W latach 2008-2016 uległa zmniejszeniu liczba nowych odmian roślin rejestrowanych w Krajowym Rejestrze odmian prowadzonym przez COBORU. Spółki hodowli roślin wprowadzały do Krajowego Rejestru w latach 2011-2016 corocznie średnio 22 odmiany, co stanowiło zmniejszenie o 39 proc. w porównaniu do lat 2008-2010 (w tych latach corocznie wprowadzano do Krajowego Rejestru średnio 36 nowych odmian).
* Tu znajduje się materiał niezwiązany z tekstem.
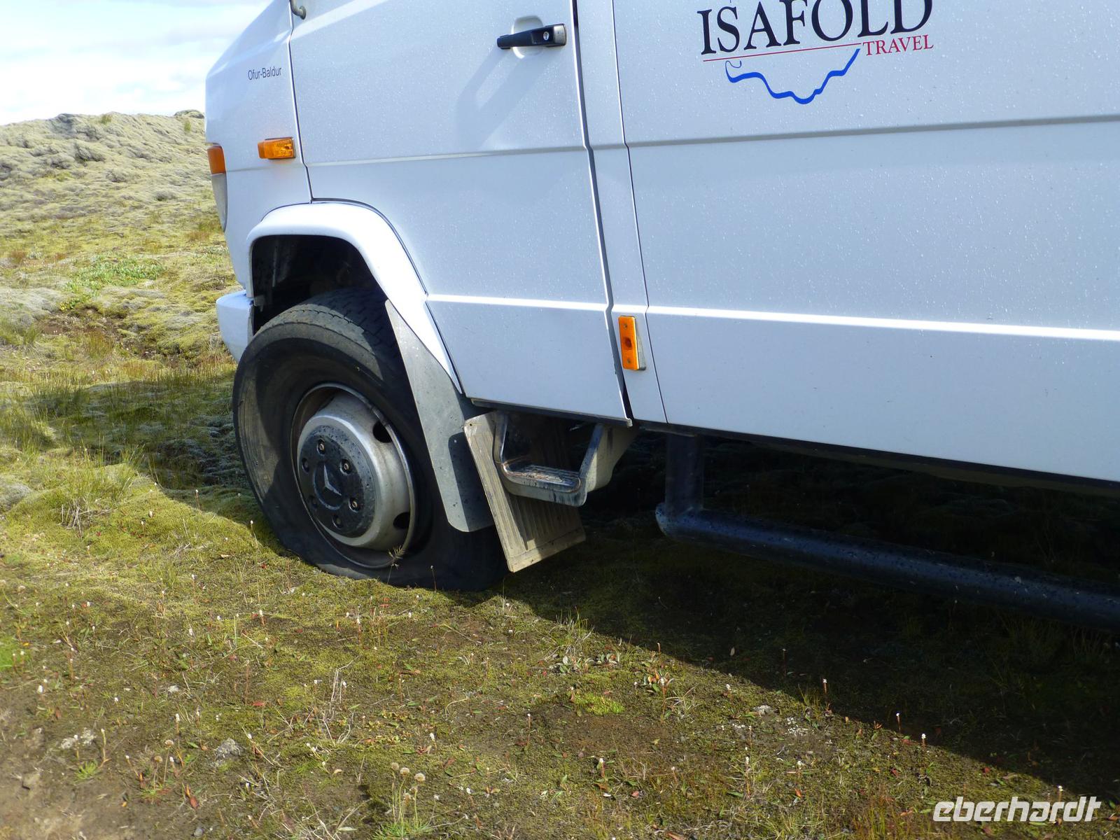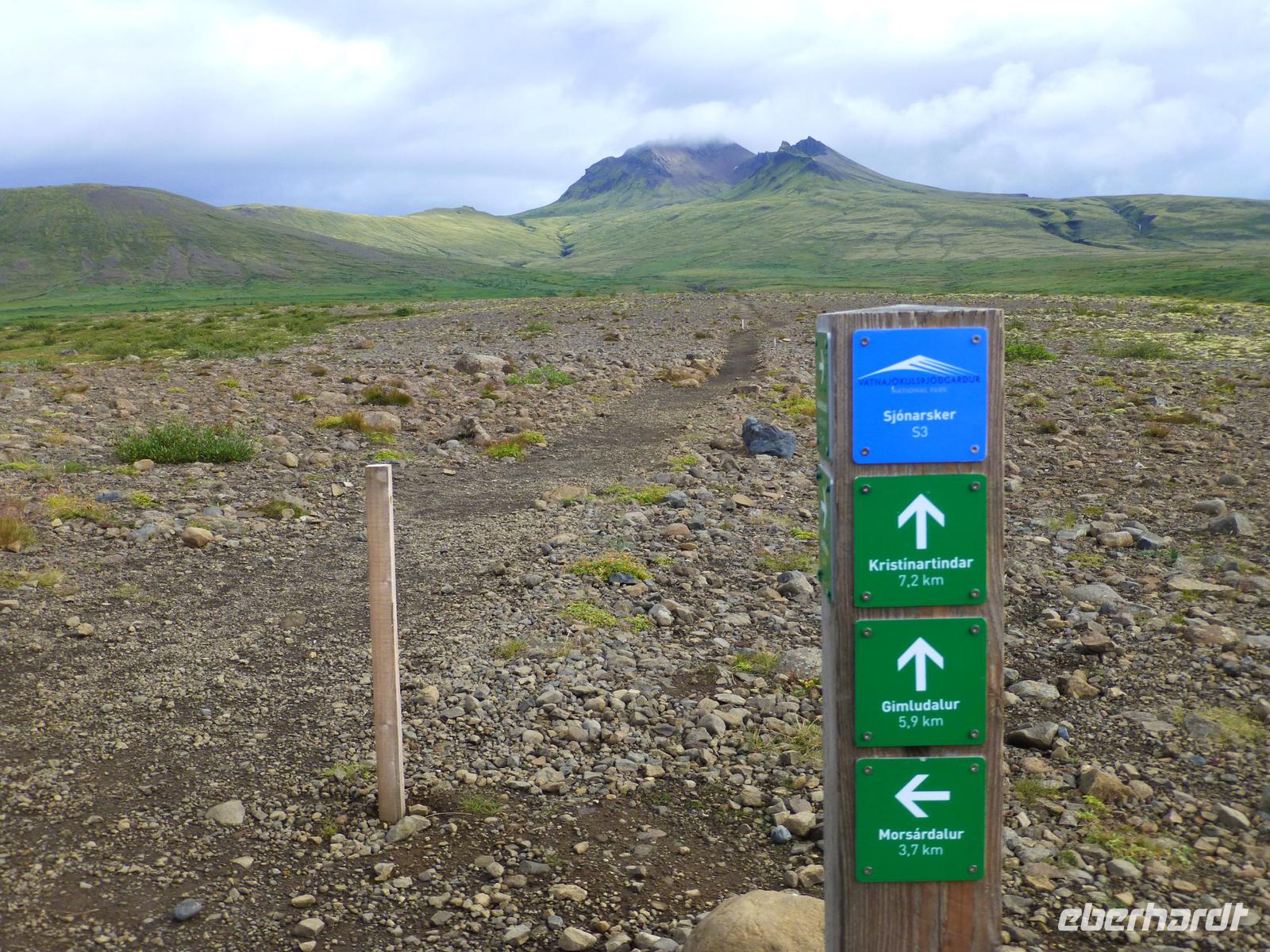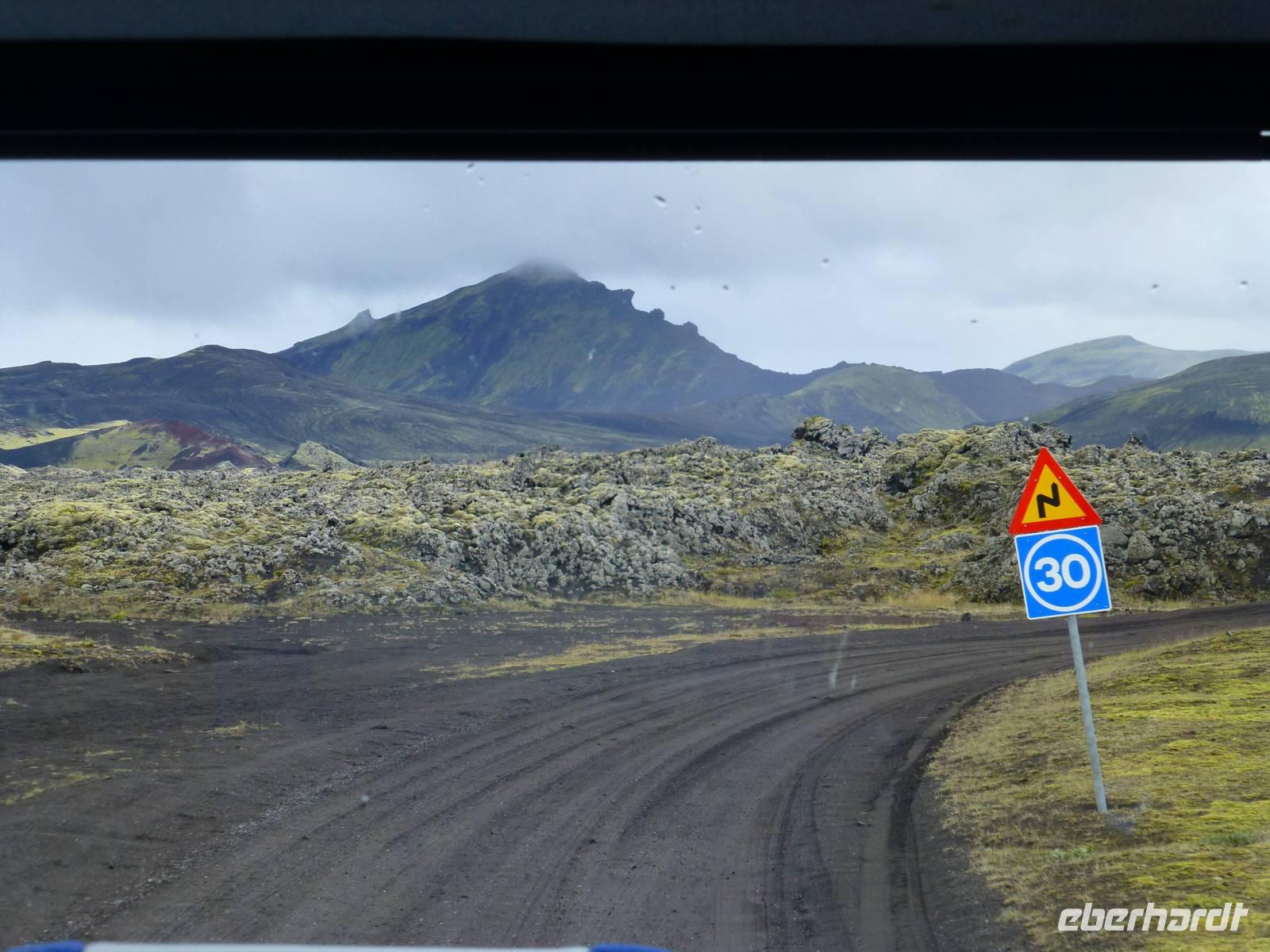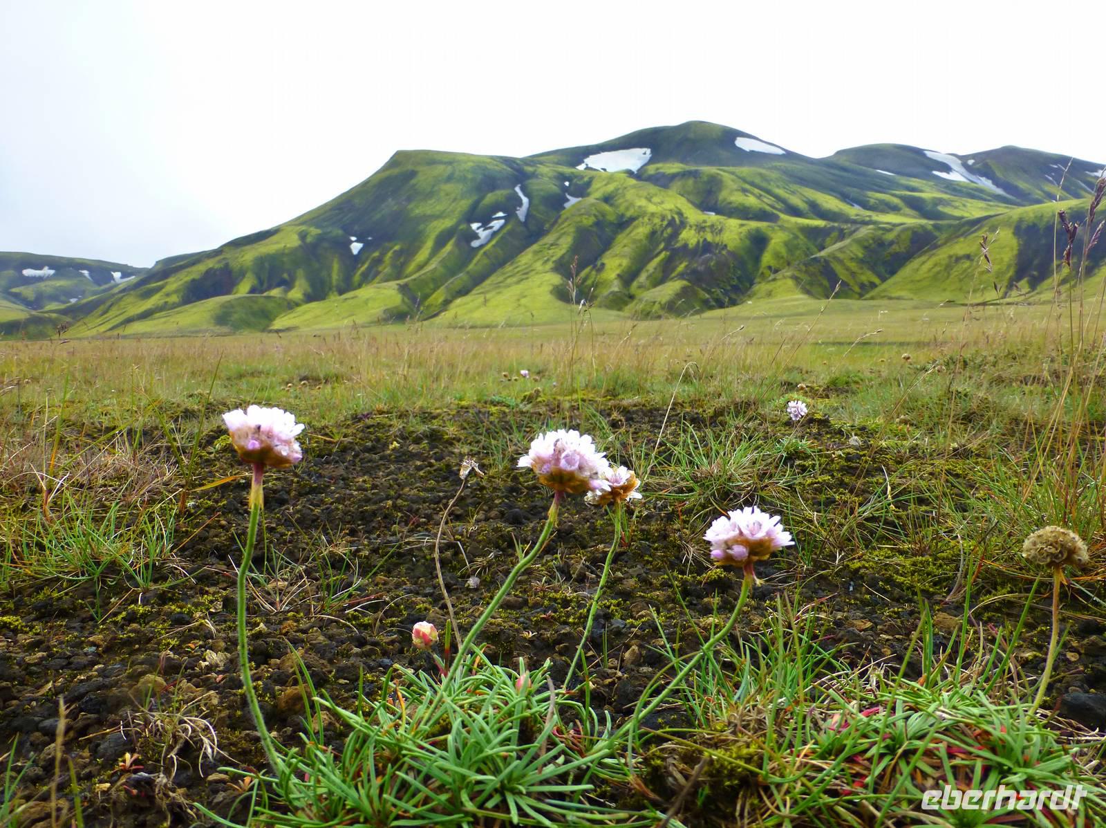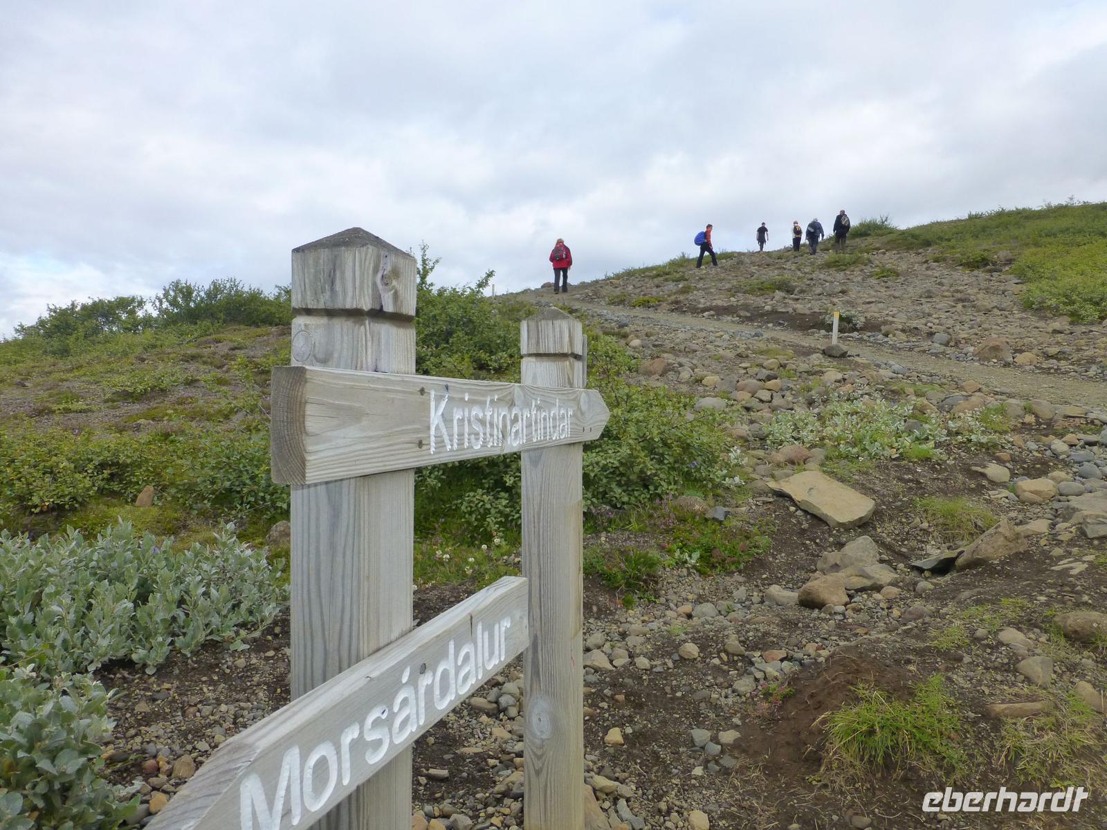 Über eine Schotterstraße ging es dann durch grüne Ebenen ins Gletschertal Thorsmörk, was übersetzt „Thors Wald" bedeutet, also der Wald des alten germanischen Gottes Thor. Das Tal wird flankiert von mächtigen Gletschern, einer davon ist die Gletscherzunge des berühmten Vulkans Eyjafjallajökull, der 2010 den Flugverkehr in ganz Europa zum Stillstand brachte. Einige Fahrtminuten weiter halten wir am Fuße der Bergkette.

Gorsze wyniki działalności hodowlanej spółek wynikały przede wszystkim z systematycznego ograniczania dofinansowania hodowli roślin ze środków publicznych oraz ekspansji na polski rynek globalnych koncernów chemiczno-nasiennych, przy niedostatecznej promocji i upowszechnieniu potencjału hodowlanego spółek oraz kwalifikowanego materiału siewnego w praktyce rolniczej.
Znaczącą rolę w upowszechnianiu postępu biologicznego ma produkcja oraz sprzedaż kwalifikowanego materiału siewnego.
Udział powierzchni plantacji nasiennych odmian roślin rolniczych należących do spółek hodowli roślin w odniesieniu do powierzchni plantacji nasiennych objętych oceną polową w latach 2014-2016 wyniósł ok. 30 proc. i był on niższy niż udział zagranicznych odmian w krajowym rynku nasiennym (udział tych ostatnich wyniósł dla zbóż średnio 51 proc., a dla ziemniaków 70 proc.).
W badanym okresie udział wprowadzonego do obrotu materiału siewnego kwalifikowanego spółek hodowli roślin wyniósł średnio zaledwie 9,7 proc.
Efekty hodowli roślin prowadzonej przez spółki nie były w wystarczającym stopniu promowane i upowszechniane w rolnictwie, o czym świadczył niewielki stopień wykorzystania kwalifikowanego materiału siewnego przez rolników w zasiewach.
Spółki hodowli roślin na ogół prawidłowo realizowały zadania dotyczące postępu biologicznego w produkcji roślinnej w celu rejestracji nowych odmian roślin uprawnych. Prowadziły hodowlę twórczą i zachowawczą roślin rolniczych i ogrodniczych, a także zajmowały się produkcją i sprzedażą materiału siewnego. Spółki prawidłowo prowadziły gospodarkę finansową, jednak na wyniki finansowe miały wpływ czynniki przeważnie od nich niezależne. Były to w głównej mierze zmniejszone płatności bezpośrednie w latach 2015-2016, niższe przychody ze sprzedaży produkcji roślinnej oraz brak pokrycia kosztów prowadzonej hodowli twórczej i zachowawczej przychodami z tej działalności.